*** PROVIDED DATA ***
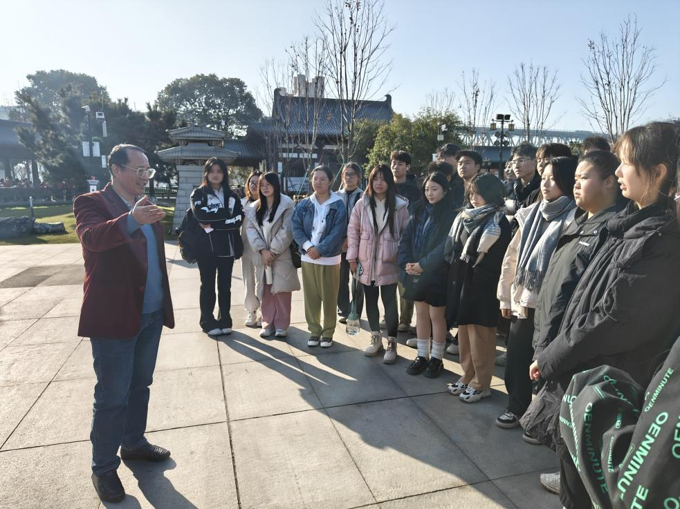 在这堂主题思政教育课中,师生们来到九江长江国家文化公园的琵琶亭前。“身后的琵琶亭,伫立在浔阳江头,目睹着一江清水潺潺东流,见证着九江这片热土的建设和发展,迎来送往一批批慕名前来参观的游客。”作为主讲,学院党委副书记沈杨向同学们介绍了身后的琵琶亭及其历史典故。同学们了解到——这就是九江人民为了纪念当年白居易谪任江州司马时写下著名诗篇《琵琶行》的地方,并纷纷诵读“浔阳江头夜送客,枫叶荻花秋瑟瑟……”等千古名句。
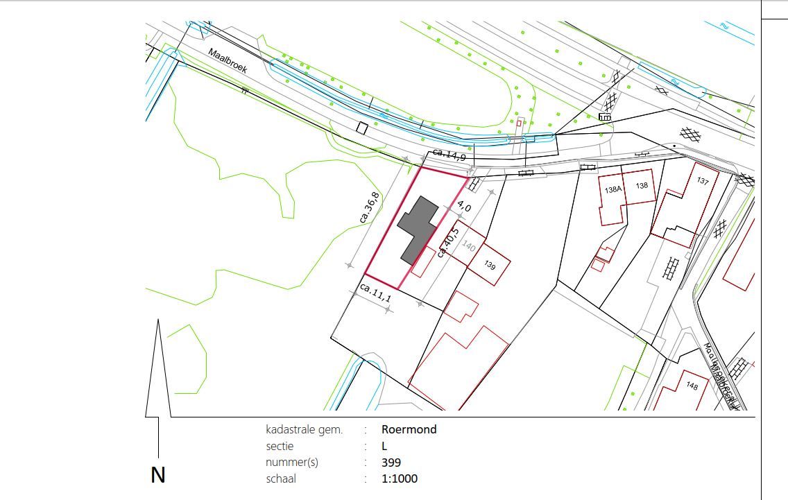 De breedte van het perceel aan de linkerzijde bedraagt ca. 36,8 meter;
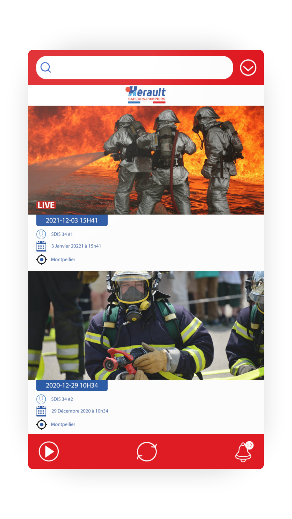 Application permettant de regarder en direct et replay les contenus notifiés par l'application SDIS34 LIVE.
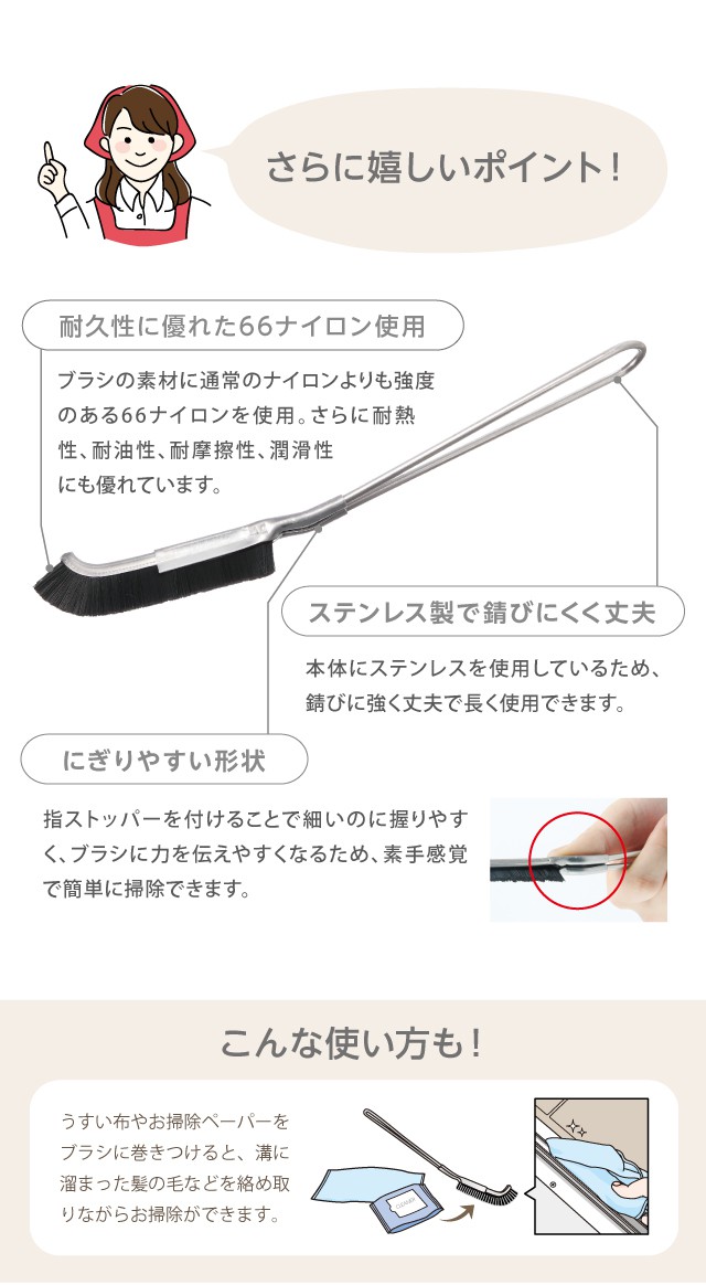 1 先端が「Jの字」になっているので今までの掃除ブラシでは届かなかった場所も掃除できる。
*** End of PROVIDED DATA ***
*** PROVIDED DATA ***
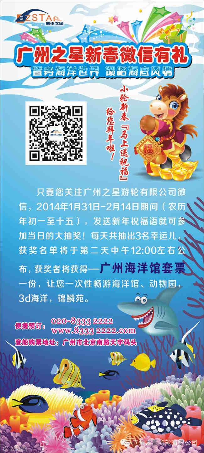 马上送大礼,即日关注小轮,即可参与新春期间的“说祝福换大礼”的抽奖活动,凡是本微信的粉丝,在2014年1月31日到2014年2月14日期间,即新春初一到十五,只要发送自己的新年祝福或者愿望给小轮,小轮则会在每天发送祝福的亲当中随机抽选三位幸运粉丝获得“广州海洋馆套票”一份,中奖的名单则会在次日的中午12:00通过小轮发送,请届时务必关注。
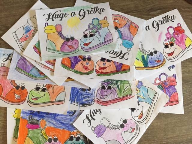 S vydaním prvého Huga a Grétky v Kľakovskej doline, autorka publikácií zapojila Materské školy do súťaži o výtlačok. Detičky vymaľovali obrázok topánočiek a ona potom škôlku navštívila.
*** End of PROVIDED DATA ***
• **TASK ITEM**
Copy exactly the lines of the listing above between the one holding "在这堂主题思政教育课中,师生" and the one holding "De breedte van", inclusive; omit all pictures.

• **OUTPUT FOR THIS EXERCISE**
 在这堂主题思政教育课中,师生们来到九江长江国家文化公园的琵琶亭前。“身后的琵琶亭,伫立在浔阳江头,目睹着一江清水潺潺东流,见证着九江这片热土的建设和发展,迎来送往一批批慕名前来参观的游客。”作为主讲,学院党委副书记沈杨向同学们介绍了身后的琵琶亭及其历史典故。同学们了解到——这就是九江人民为了纪念当年白居易谪任江州司马时写下著名诗篇《琵琶行》的地方,并纷纷诵读“浔阳江头夜送客,枫叶荻花秋瑟瑟……”等千古名句。
 De breedte van het perceel aan de linkerzijde bedraagt ca. 36,8 meter;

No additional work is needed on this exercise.